Local companies riding financial market storm
Published 9:13 pm Saturday, August 16, 2008
NATCHEZ — High oil prices and the sub-prime mortgage crisis have not been problematic for two publicly traded Natchez companie.s
Callon Petroleum’s stock, which is traded on the New York Stock Exchange, climbed from $11.76 this time last year to a recent high of $28.93 (CPE). It closed Friday at $20.10 per share. Britton & Koontz Bank, which is traded on the NASDAQ, has stayed fairly level in recent months.
“Whatever the commodities prices are doing is what the stock prices will do,” said Bob Weatherly, executive vice president and chief financial officer for Callon. “It ran up with the commodities market.”
Like many energy companies, Callon has also seen a big increase in income, which has gone up 50 percent since the second quarter of 2007, Weatherly said.
However, because income is based on the prices of the commodities, the true measure of an energy company is production, Weatherly said.
“In the oil and gas business they measure you how much oil and gas you’re producing,” he said.
For the second quarter of 2008 Callon produced 286,000 barrels of oil, up from 263,000 in 2007.
They also produced 37.2 million cubic feet of natural gas equivalent per day. The natural gas production declined sharply from 2007 as Callon shifted its focus to its Entrada project.
The company is currently working to exploit the Entrada field, located off the coast of Louisiana.
“We anticipate (production) will go way up with the completion of Entrada,” Weatherly said.
The water above the deposit is 4,600 feet deep, and the wells will have a vertical depth of 13,000 to 21,000 feet, which makes it difficult to get to the oil, he said.
“We just want to get it out of the ground,” he said.
The Entrada field has a proven reserve of 32 million barrels equivalent, but could hold much more, Weatherly said.
“You don’t know until the oil comes ashore, but it has the potential to be a big increase,” he said.
The success of oil companies in the region has also been a boost to B&K Bank, said Page Ogden, president and chief executive officer for B&K Bank.
“We’re all benefiting somewhat from the price of oil, the renewed activity in the oil and gas sector,” he said.
Because B&K is a smaller company, it has been immune to much of the turbulence in the national banking industry and has kept its earnings relatively even.
“Our core earnings are relatively flat,” Odgen said. “That’s a great thing in the banking world to be able to maintain your earnings.”
One reason for this is B&K’s small size.
“This area is somewhat insulated from some of the economic issues that are occurring in pockets throughout the country,” Odgen said. “We’re not down nearly as much as some of the larger banks in the country.”

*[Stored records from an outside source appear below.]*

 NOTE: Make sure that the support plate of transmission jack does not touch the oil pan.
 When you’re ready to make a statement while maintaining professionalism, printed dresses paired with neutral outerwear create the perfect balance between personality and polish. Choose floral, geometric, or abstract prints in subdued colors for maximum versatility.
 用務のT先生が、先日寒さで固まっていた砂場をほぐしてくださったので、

The bank has also seen asset growth of approximately $23.4 million.
“A good part of that growth was in our investment portfolio,” he said. “Part of our ability to do that was based on our strong capital growth.

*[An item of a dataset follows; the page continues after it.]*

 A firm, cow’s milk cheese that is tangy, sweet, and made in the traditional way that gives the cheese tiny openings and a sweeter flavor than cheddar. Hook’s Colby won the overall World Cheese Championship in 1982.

B&K’s stock closed Friday at $13.83 per share and has remained fairly steady over the past year. The 52-week high was $18 and the low was $11.05.
“The majority of our shareholders are long time holders and the stocks are not being actively traded out there,” he said.

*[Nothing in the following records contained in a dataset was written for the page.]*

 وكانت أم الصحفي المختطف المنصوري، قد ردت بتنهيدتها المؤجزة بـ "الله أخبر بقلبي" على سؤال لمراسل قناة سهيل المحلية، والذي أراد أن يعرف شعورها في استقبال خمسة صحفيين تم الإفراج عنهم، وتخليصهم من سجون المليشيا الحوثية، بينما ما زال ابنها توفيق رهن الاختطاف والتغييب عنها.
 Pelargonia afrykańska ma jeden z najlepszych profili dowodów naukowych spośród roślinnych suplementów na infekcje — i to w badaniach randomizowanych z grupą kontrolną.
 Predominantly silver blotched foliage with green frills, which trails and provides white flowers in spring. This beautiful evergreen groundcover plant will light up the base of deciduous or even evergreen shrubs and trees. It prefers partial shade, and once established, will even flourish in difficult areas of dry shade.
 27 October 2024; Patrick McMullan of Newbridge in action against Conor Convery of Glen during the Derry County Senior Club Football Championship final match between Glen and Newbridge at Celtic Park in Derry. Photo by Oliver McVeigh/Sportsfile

One of the keys to coming out unscathed from the mortgage crash is small banks’ focus on commercial real estate, Odgden said.
From 2002 to 2007, B&K’s commercial loans jumped from $60 million to $112 million, up to 50 percent of their total loans.
“We’ve been a major player in the mortgage business but we’ve done less in recent years than in the 1990s because the mortgage brokerage industry was doing most of those originations,” he said.
However B&K is looking to get back into the residential loan game.
“The long term players in this will be the banks, not necessarily the parties that were players before,” he said.